I never carry cash really so it’s very frustrating for me when I go to the supermarket and find that you need a pound coin to get a trolley. I end up having to go to the ATM to get money out and then inside to the shop to queue at the customer service desk just to get some change. Normally this means having ten pound coins jangling around in your pocket because no-one seems to have £5 notes anymore. The whole rigmarole normally takes longer than the actual shop itself!
TRP verdict: It’s enough to drive you wild in the aisles. You’re in.
2. Strictly Come Dancing
I have no idea what constitutes a good rumba let alone being able to perform one, so how can I ever feel qualified to comment, which is what people feel compelled to do when they’re sat at home watching these talent shows, isn’t it? Anyway, Strictly normally ends up being won by someone who has clearly gone to theatre school and is a pretty good dancer before they start getting trained.
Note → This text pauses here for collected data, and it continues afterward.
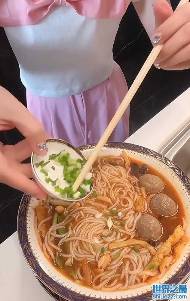 在煮好之后,方媛拿出一碟葱蒜放进了螺蛳粉内,并在螺蛳粉内加了很多牛肉丸之类的美食,看得出来方媛当日胃口很好。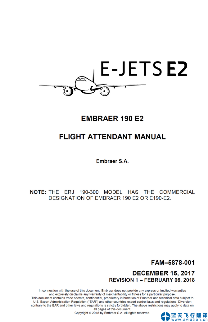 北京藍天飛行翻譯公司承接航空公司 EMBRAER 190 E2 乘務(wù)員手冊翻譯任務(wù) EMBRAER 190 E2 FLIGHT ATTENDANT MANUAL Translation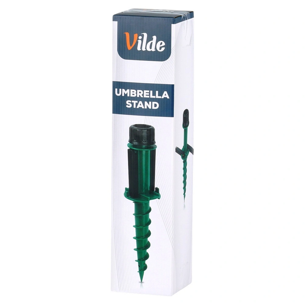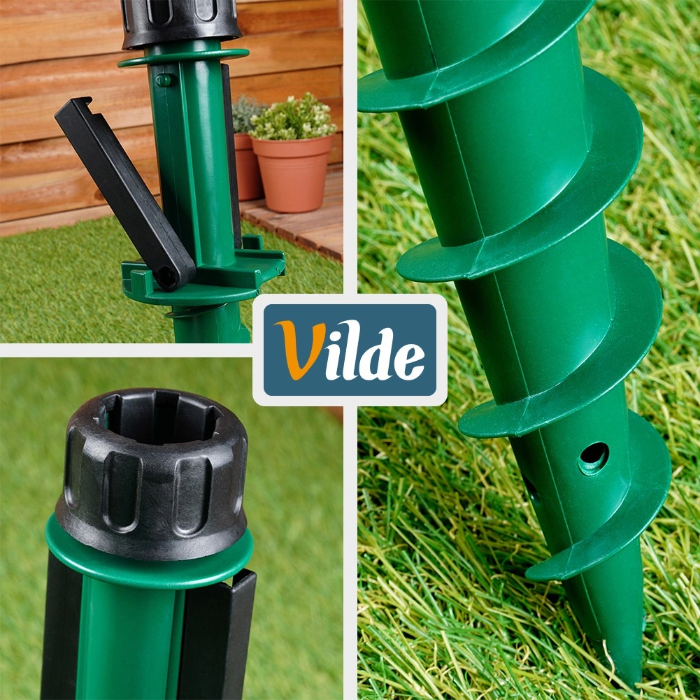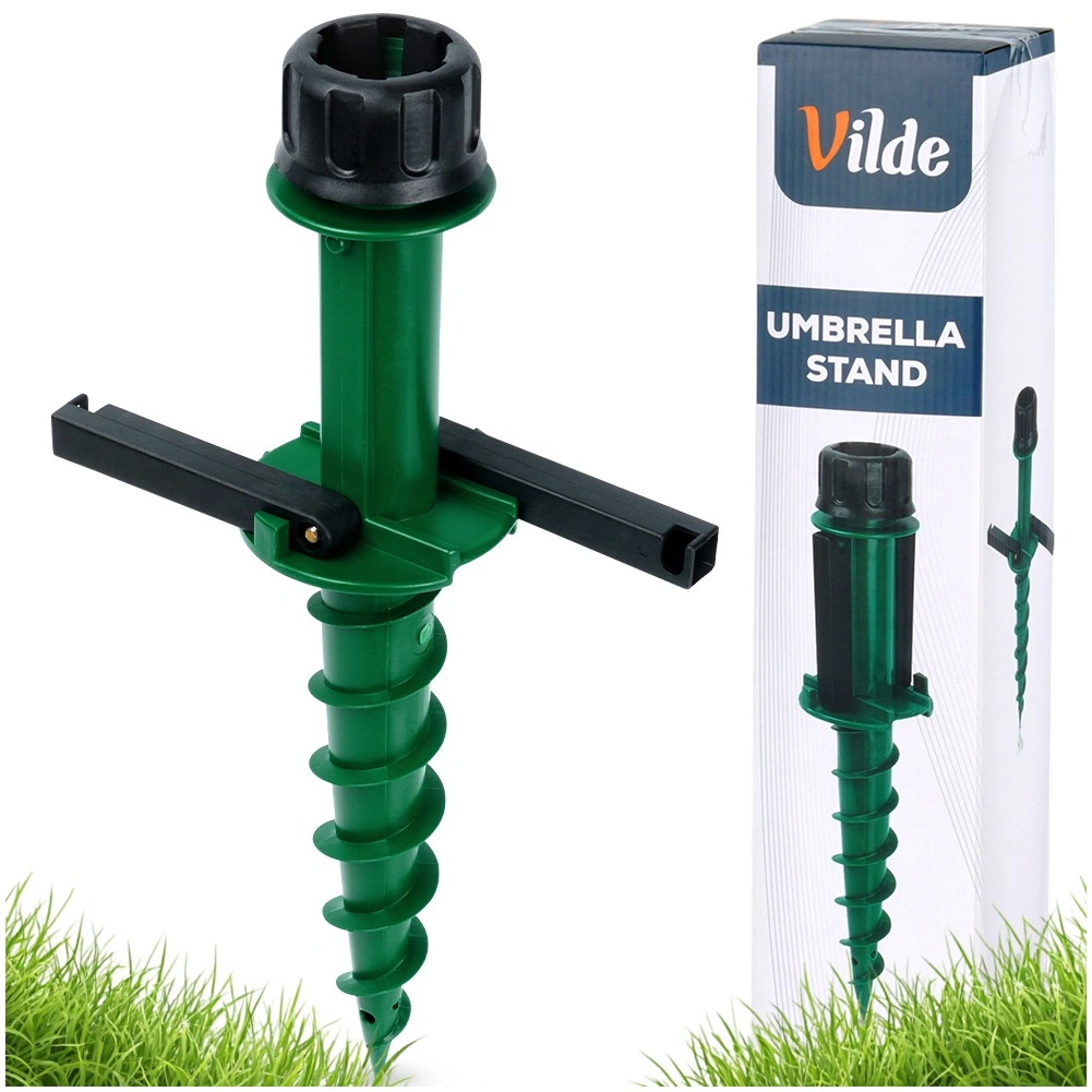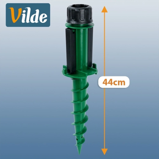 Zoek je een betrouwbare manier om een parasol veilig te verankeren in het gras, op het strand of bij het kamperen? Deze Vilde schroefstandaard van 44 cm draait zich eenvoudig in de grond en blijft dankzij de spiraalconstructie stevig zitten. Licht maar robuust ontwerp van duurzaam kunststof voor gemakkelijk meenemen en snelle installatie.

The presenters and judges wind me up, too. That Len bloke is very irritating but nowhere near as bad as Bruce Forsyth. Time to hang up the microphone please Brucie! My team-mate Tom Powell fancies himself as a good ballroom dancer although from what I’ve seen his talents don’t transfer to other forms of dancing!
TRP verdict: Only if Susanna Reid and Rachel Riley can join us in Room 101.
3. Winter Rugby
I cannot understand why we persist in playing rugby in winter, when, for three-quarters of the season, everyone blames the terrible conditions for matches being boring.
Why don’t we play when it’s dry and warm so that players can express themselves and supporters can stand in a T-shirt and watch the game being played as it should be? Yes, summer rugby would clash with cricket and Super League. But any excuse not to watch the England cricket team is a good thing with the way they’re going at the moment, and the only decent Rugby League is played on the other side of the world, so I don’t think it would be an issue in either case.
TRP verdict: They’re won’t be any summer days if we get our way.